(SUPPLIED DATA)

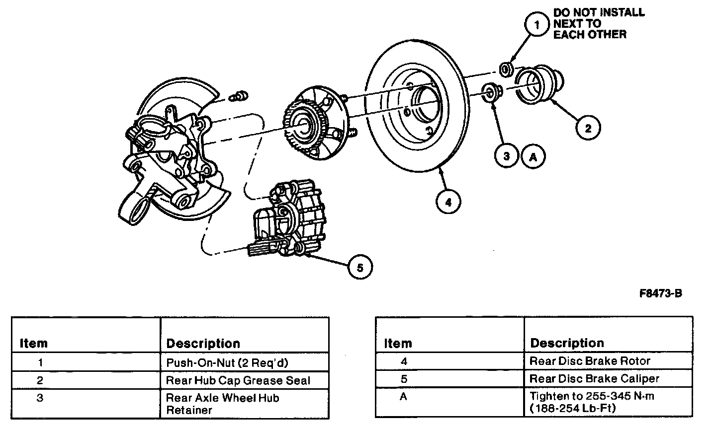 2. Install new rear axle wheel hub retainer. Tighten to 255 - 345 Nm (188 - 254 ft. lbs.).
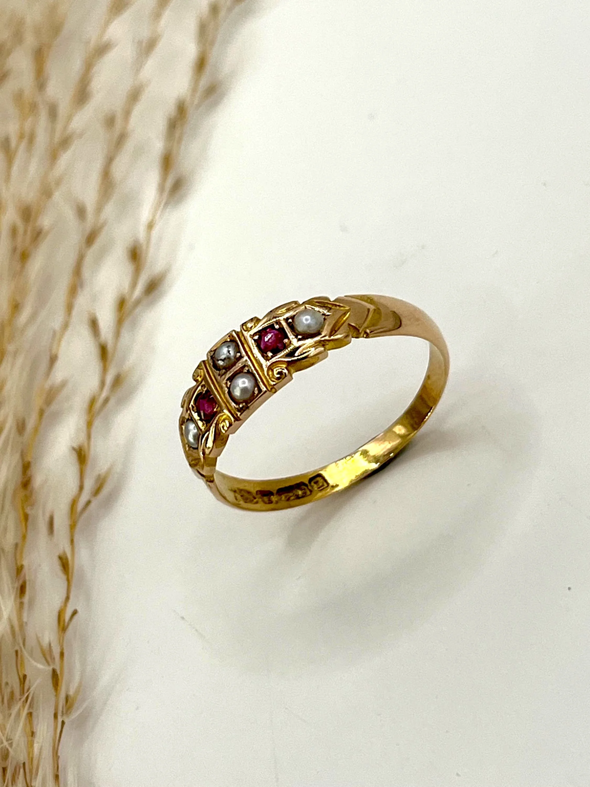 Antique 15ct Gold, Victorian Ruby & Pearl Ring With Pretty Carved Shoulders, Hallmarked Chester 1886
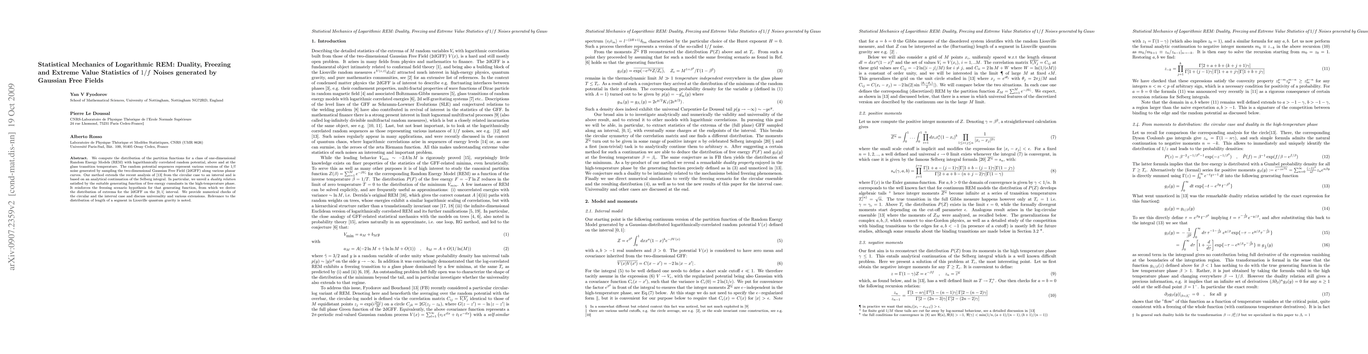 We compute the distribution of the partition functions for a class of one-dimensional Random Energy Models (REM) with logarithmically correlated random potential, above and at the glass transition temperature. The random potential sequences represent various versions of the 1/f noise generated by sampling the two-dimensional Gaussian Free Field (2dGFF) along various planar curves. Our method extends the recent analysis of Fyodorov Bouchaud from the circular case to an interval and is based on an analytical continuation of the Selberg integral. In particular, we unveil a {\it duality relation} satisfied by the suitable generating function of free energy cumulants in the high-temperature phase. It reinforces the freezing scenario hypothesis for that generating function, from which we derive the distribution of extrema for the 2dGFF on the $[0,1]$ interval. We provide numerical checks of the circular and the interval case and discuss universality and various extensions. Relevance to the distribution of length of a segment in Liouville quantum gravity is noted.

(End SUPPLIED DATA)

_REQUIRED ACTION_. Set down the material above exactly. Skip any picture.

_ANSWER SPACE_.
 2. Install new rear axle wheel hub retainer. Tighten to 255 - 345 Nm (188 - 254 ft. lbs.).
 Antique 15ct Gold, Victorian Ruby & Pearl Ring With Pretty Carved Shoulders, Hallmarked Chester 1886
 We compute the distribution of the partition functions for a class of one-dimensional Random Energy Models (REM) with logarithmically correlated random potential, above and at the glass transition temperature. The random potential sequences represent various versions of the 1/f noise generated by sampling the two-dimensional Gaussian Free Field (2dGFF) along various planar curves. Our method extends the recent analysis of Fyodorov Bouchaud from the circular case to an interval and is based on an analytical continuation of the Selberg integral. In particular, we unveil a {\it duality relation} satisfied by the suitable generating function of free energy cumulants in the high-temperature phase. It reinforces the freezing scenario hypothesis for that generating function, from which we derive the distribution of extrema for the 2dGFF on the $[0,1]$ interval. We provide numerical checks of the circular and the interval case and discuss universality and various extensions. Relevance to the distribution of length of a segment in Liouville quantum gravity is noted.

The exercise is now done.